21,051 days and very happy to still be above the sod!  :mrgreen:

Sue


----------



## FM William Burns (Sep 24, 2012)

For me today is: 19,063

and I like MT's:



> Today is day #21,332 for me so my advice to you young wiper snapper is enjoy life and live life but don't abuse the life that has been given you. :cheers


----------



## fatboy (Sep 24, 2012)

OK, I'll fess up............19,402...........


----------



## jpranch (Sep 24, 2012)

I thank you all. I'm in very good company!


----------



## joetheinspector (Sep 24, 2012)

day 19,554 for me


----------



## Alias (Sep 25, 2012)

jpranch said:
			
		

> I thank you all. I'm in very good company!


Indeed you are as well as everyone, including myself, on the Forum!

Sue :cowboy


----------



## cda (Sep 25, 2012)

Don't trust anyone under 10000!!!!


----------



## High Desert (Sep 25, 2012)

21,653 and still on the right side of the dirt!


----------



## pwood (Sep 25, 2012)

thank you conarb for making me feel young. And thank you for supporting me all those years and i will be sucking on the government tet real soon.Can i get a raise?


----------



## conarb (Sep 25, 2012)

Pwood said:
			
		

> thank you conarb for making me feel young.
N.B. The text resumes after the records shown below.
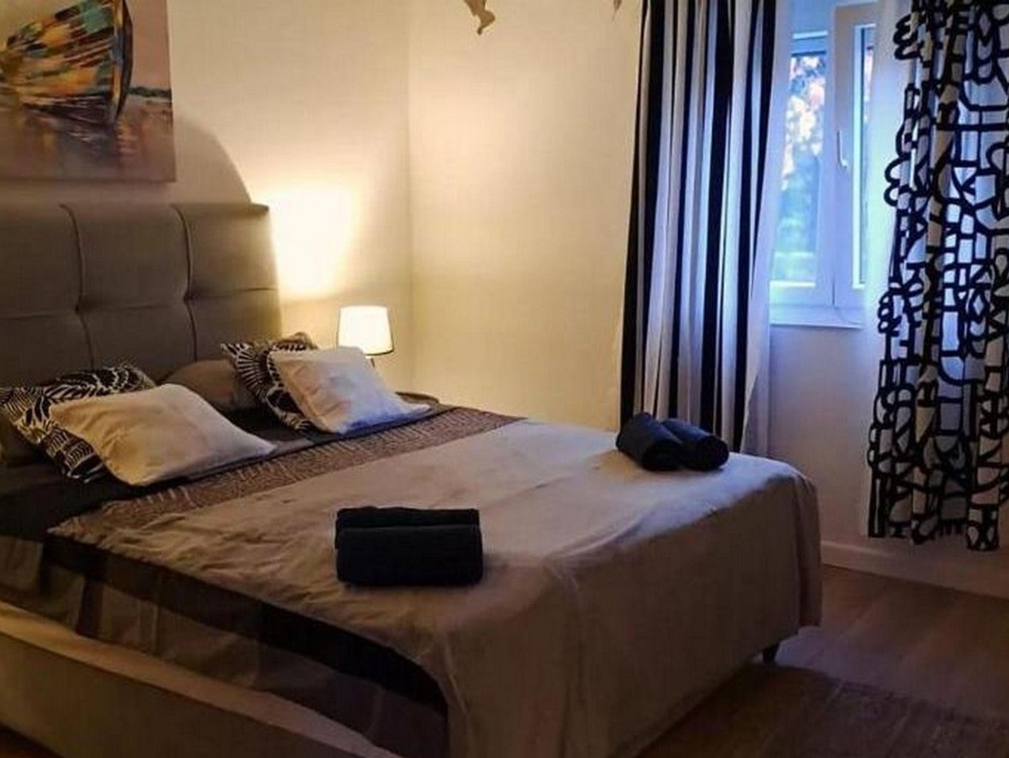Ferienwohnung bietet Platz für 5 Gäste. Die Betten sind in Schlafzimmern, die es 2 gibt, innerhalb einer Gesamtfläche von 80m2, angeordnet. Die Gäste haben eine eigene Terrasse zur Verfügung, auf der sie in warmen Sommernächten genießen können. Es ist erlaubt, Speisen auf dem Gemeinschafts-Grill vorzubereiten. IM PREIS INBEGRIFFEN: Kurtaxe, Endreinigung, Klimatisierung, Parkplatz, Internet, Kinderbett, Bügeleisen, Bügelbrett, Föhn. Die Verfügbarkeit zusätzlicher Dienstleistungen in Ihrem reservierten Termin und die Preise derselben (falls nicht aufgeführt) müssen im Voraus überprüft werden. Zusätzliche Dienstleistungen die in der Zahlungsaufforderung nicht aufgeführt sind werden direkt beim Vermieter bezahlt, angenommen der Gast nutzt auch diese.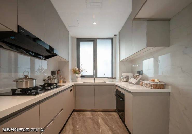建面约310㎡的边套,首层南向横厅面宽就达到了约6.9米,厨房面宽约5.5米,可以阔绰地分出中西厨;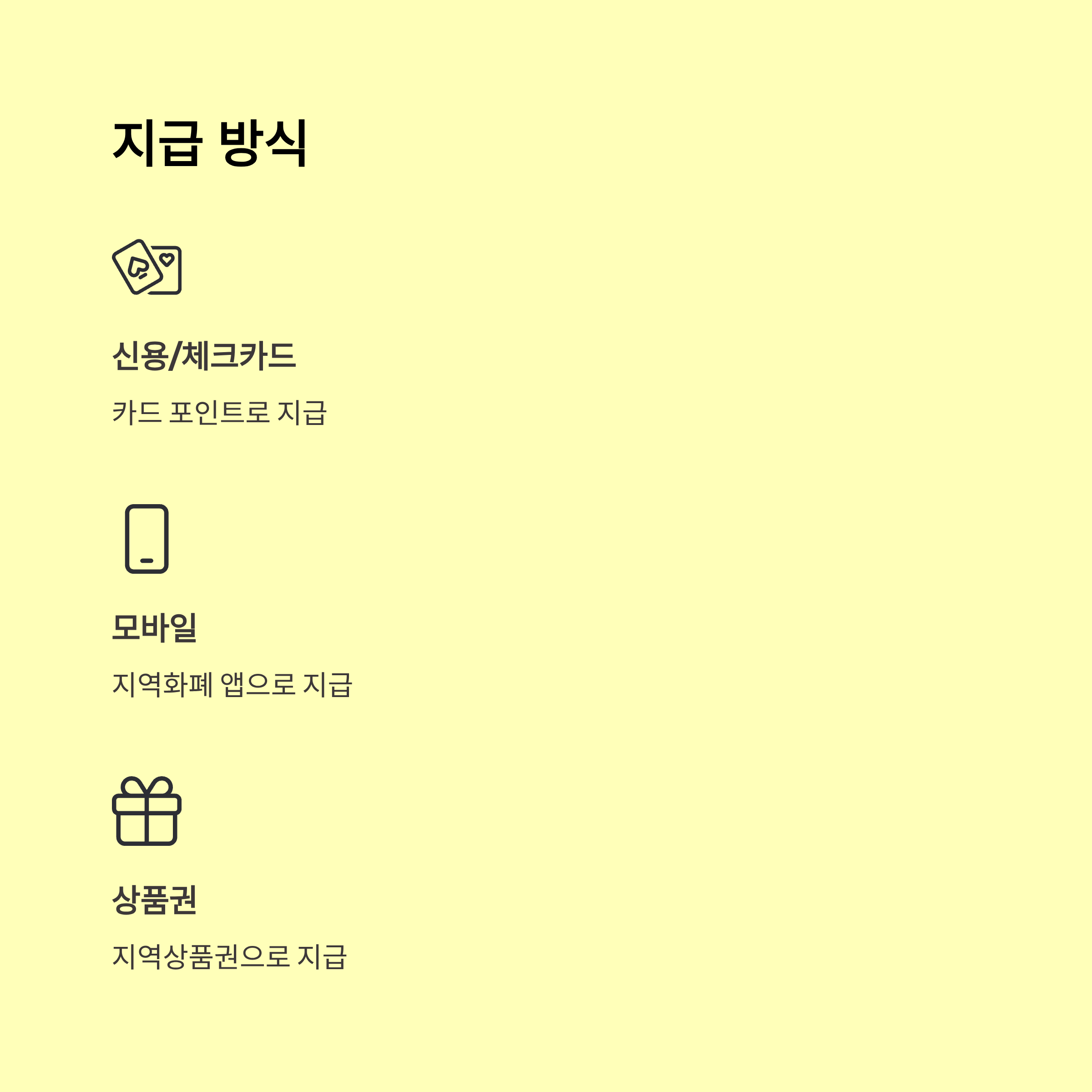 A3. 대부분 지역화폐, 선불카드, 포인트 등으로 지급돼요. 계좌이체는 극히 일부예요.

And thank you for supporting  me all those years and i will be sucking on the government tet real  soon.Can i get a raise?


Okay, I'll keep working and paying taxes, but no raises!  Those million dollar a year pensions are going to be rough enough  for me to pay at my age.


----------



## fatboy (Sep 25, 2012)

Million a year????? I hope you are not implying that that is what happens at the the end of building fire code folks careers, at the rate I'm going, I'll be right there with you.........


----------